_The task_
Retype the listing below line for line, but only from the line with "Babinsa dan Bhabinkamtibmas" down to the line with "Figure 4. In", inclusive. Pictures stay out.

_Data provided_
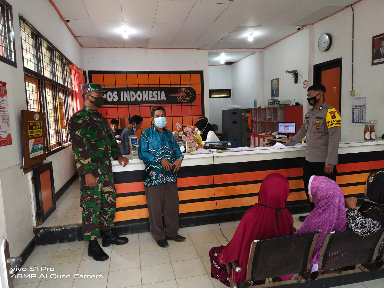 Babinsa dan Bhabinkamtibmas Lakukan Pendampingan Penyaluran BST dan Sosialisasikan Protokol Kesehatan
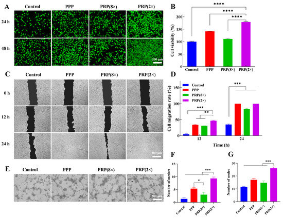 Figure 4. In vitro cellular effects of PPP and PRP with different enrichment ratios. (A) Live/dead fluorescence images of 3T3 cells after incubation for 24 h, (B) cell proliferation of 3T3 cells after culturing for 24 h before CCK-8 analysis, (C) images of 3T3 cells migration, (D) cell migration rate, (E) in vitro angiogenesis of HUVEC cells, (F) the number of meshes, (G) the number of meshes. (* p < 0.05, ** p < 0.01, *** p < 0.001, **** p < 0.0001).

...

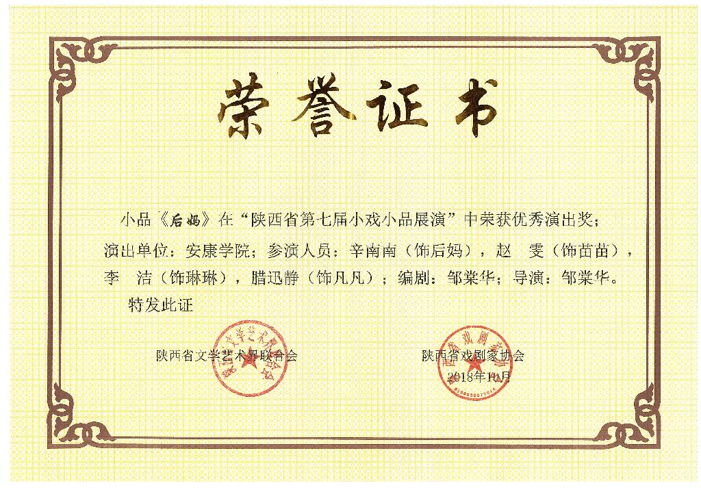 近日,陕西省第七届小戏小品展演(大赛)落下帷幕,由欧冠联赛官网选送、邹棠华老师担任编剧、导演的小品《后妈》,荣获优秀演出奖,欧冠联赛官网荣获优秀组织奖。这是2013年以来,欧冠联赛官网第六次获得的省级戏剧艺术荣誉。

_Written response_
 Babinsa dan Bhabinkamtibmas Lakukan Pendampingan Penyaluran BST dan Sosialisasikan Protokol Kesehatan
 Figure 4. In vitro cellular effects of PPP and PRP with different enrichment ratios. (A) Live/dead fluorescence images of 3T3 cells after incubation for 24 h, (B) cell proliferation of 3T3 cells after culturing for 24 h before CCK-8 analysis, (C) images of 3T3 cells migration, (D) cell migration rate, (E) in vitro angiogenesis of HUVEC cells, (F) the number of meshes, (G) the number of meshes. (* p < 0.05, ** p < 0.01, *** p < 0.001, **** p < 0.0001).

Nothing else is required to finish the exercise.